**Problem requirements**
The copy must run from the line containing "Smiling female hairdresser" through the final line of the records, both included, exactly as written. It should contain no pictures.

*** Input records ***

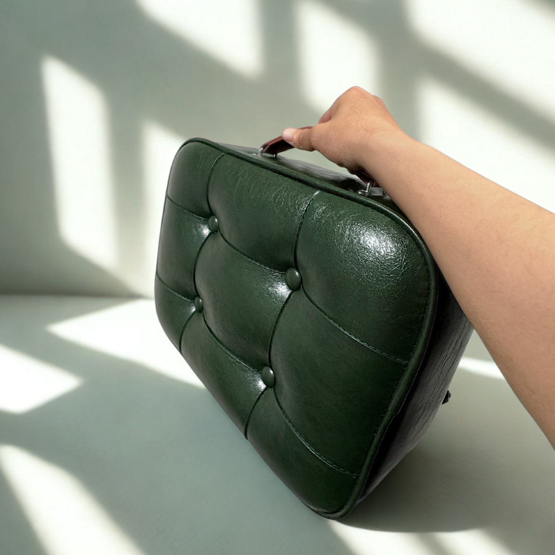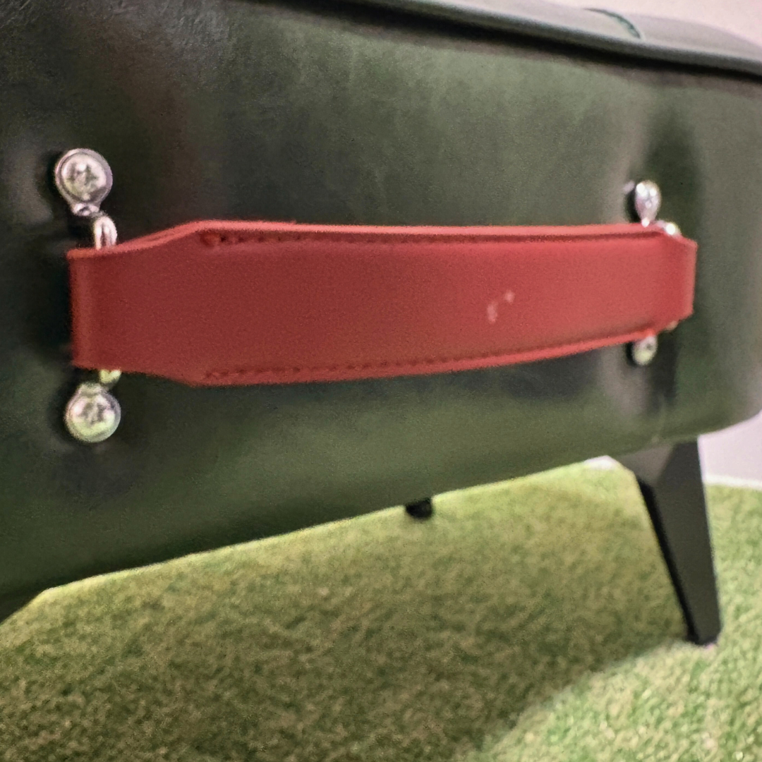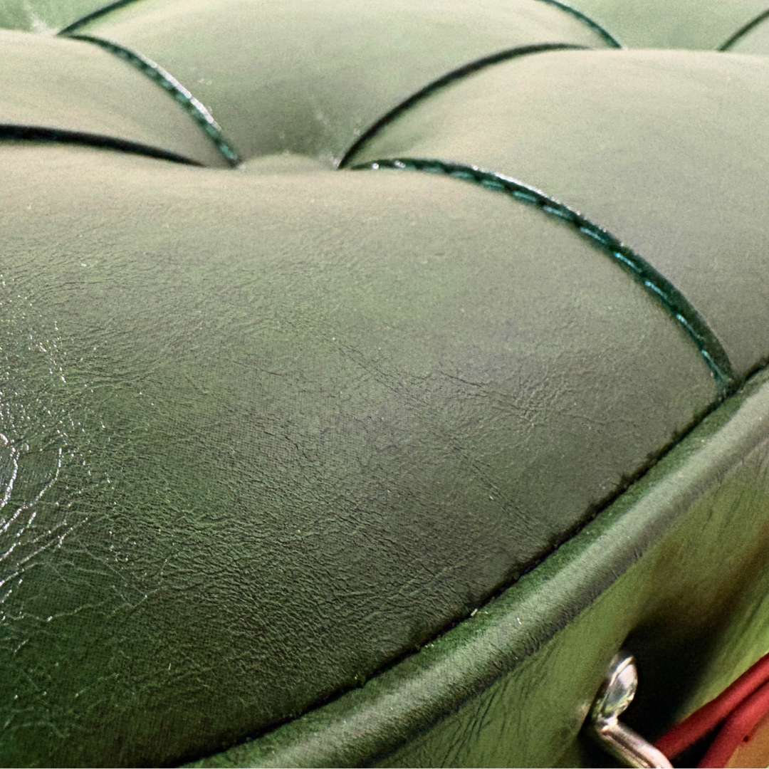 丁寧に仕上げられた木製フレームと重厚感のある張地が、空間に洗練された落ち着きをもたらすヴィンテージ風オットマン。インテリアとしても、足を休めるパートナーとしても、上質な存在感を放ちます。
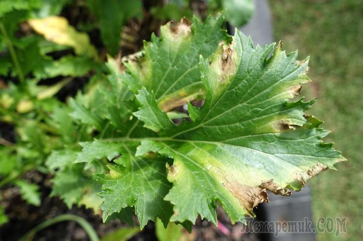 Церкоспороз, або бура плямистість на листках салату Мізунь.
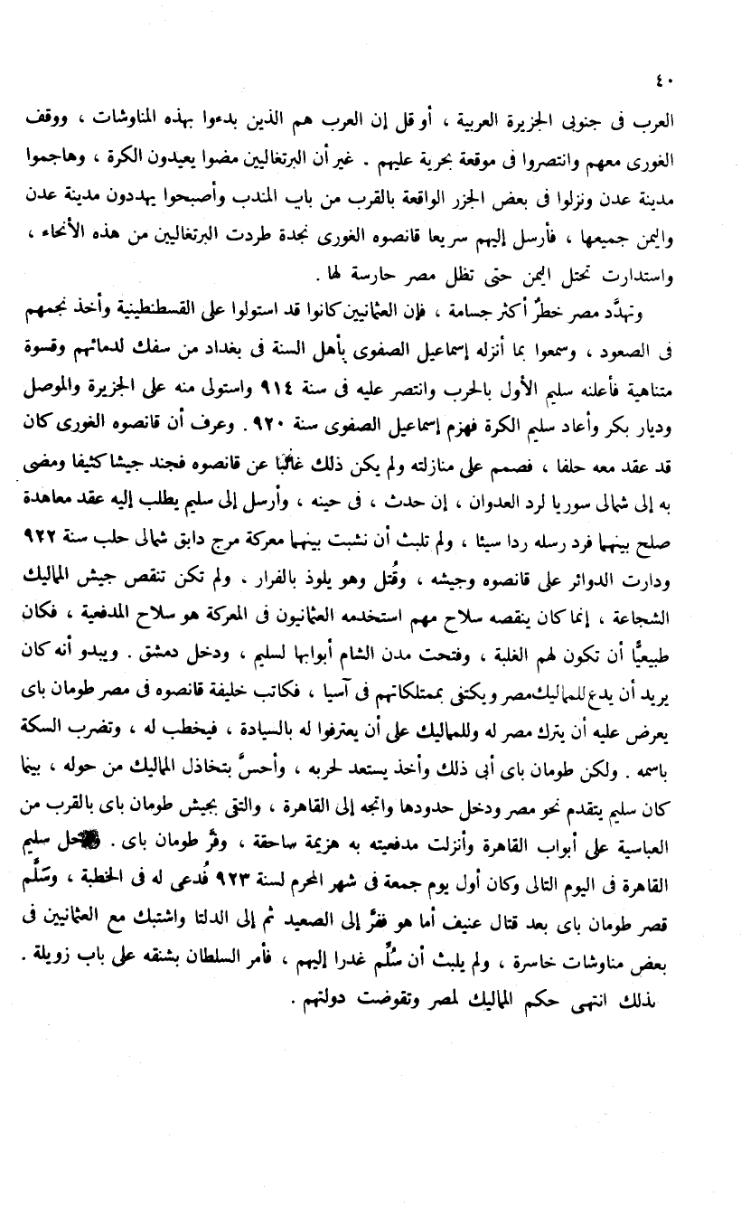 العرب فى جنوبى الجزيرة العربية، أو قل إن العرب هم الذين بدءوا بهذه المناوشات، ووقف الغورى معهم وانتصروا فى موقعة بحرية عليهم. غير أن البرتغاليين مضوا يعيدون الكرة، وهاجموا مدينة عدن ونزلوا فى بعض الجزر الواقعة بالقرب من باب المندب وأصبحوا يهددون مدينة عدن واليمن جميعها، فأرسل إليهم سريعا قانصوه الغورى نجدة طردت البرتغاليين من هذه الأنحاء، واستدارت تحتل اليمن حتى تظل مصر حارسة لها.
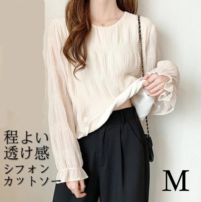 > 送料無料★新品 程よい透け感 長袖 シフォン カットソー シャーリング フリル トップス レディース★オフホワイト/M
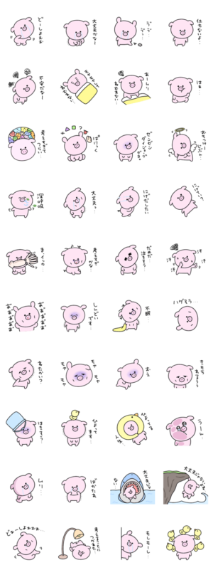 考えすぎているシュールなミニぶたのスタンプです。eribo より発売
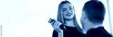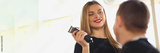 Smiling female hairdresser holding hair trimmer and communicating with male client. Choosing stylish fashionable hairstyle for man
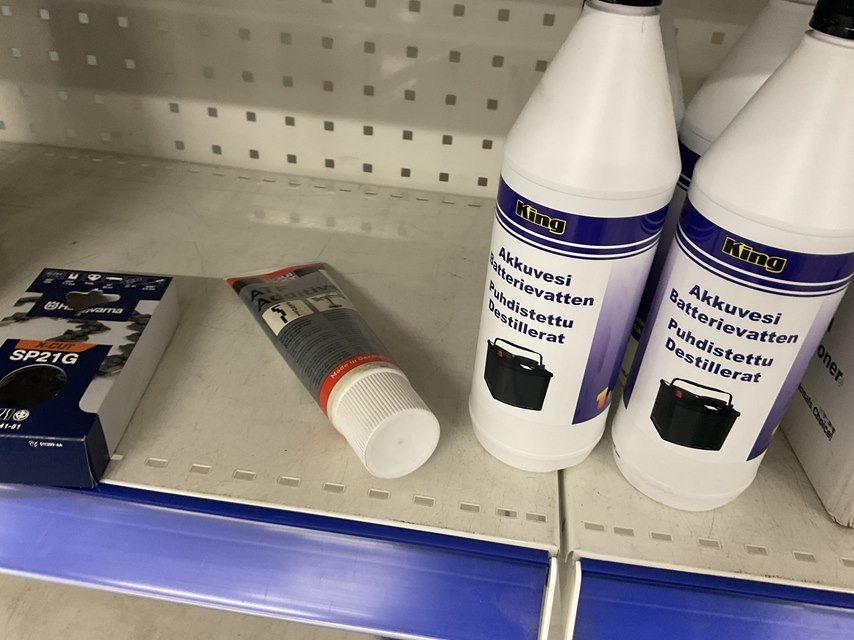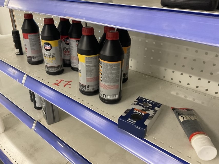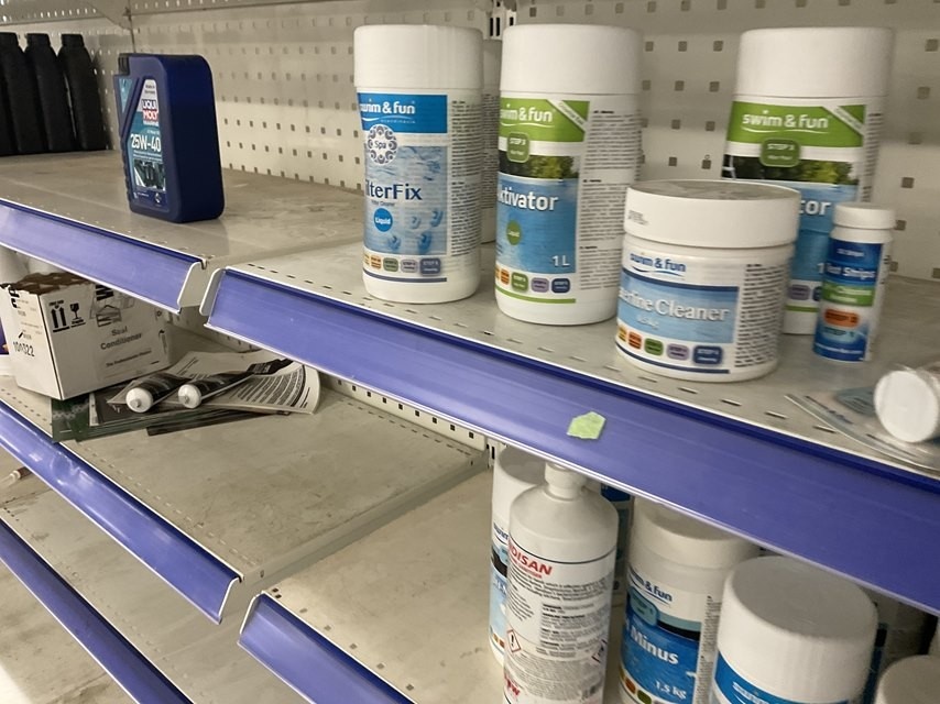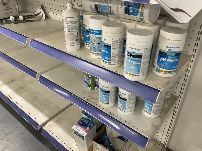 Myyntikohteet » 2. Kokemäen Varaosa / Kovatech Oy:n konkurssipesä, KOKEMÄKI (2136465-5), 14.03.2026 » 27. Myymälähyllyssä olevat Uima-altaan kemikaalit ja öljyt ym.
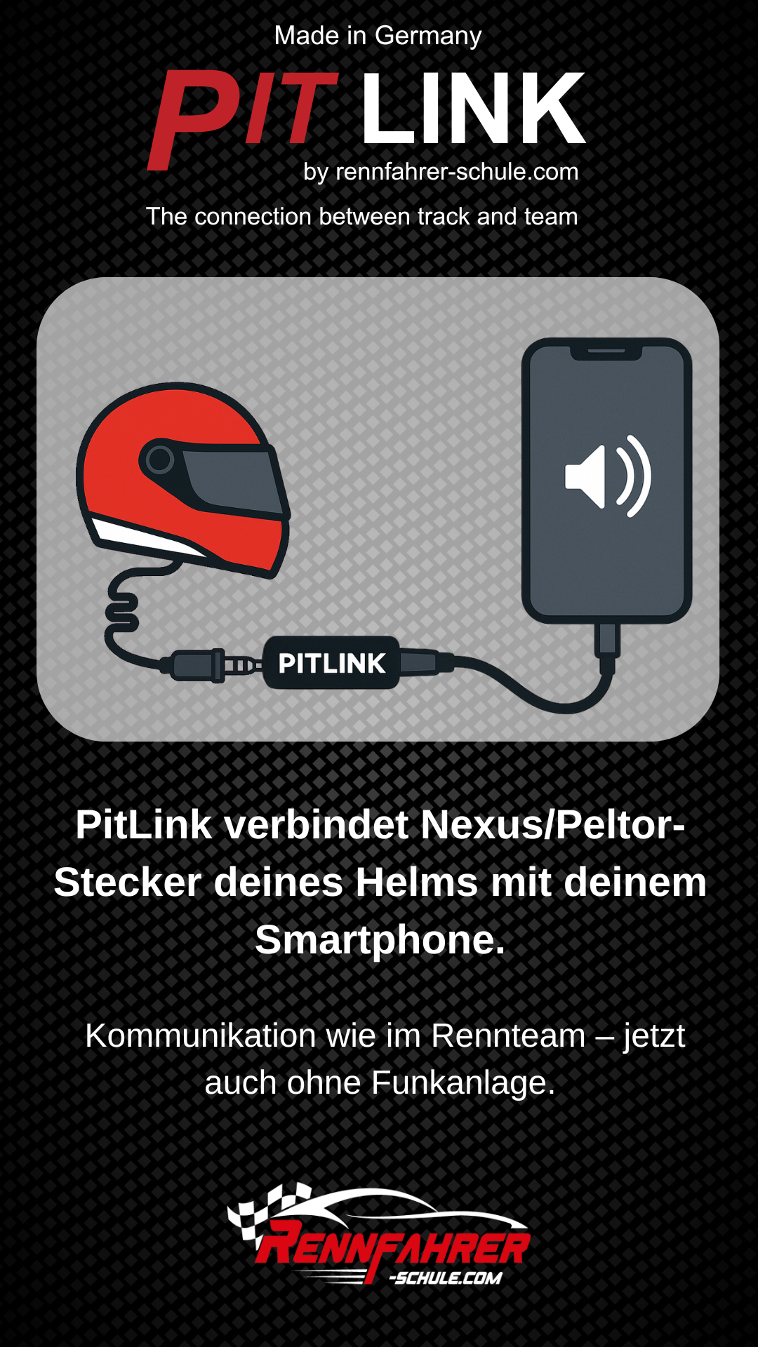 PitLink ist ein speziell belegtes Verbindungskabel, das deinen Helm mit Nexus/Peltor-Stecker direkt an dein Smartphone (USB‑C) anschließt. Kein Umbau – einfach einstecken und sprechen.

***

**Written response**
 Smiling female hairdresser holding hair trimmer and communicating with male client. Choosing stylish fashionable hairstyle for man
 Myyntikohteet » 2. Kokemäen Varaosa / Kovatech Oy:n konkurssipesä, KOKEMÄKI (2136465-5), 14.03.2026 » 27. Myymälähyllyssä olevat Uima-altaan kemikaalit ja öljyt ym.
 PitLink ist ein speziell belegtes Verbindungskabel, das deinen Helm mit Nexus/Peltor-Stecker direkt an dein Smartphone (USB‑C) anschließt. Kein Umbau – einfach einstecken und sprechen.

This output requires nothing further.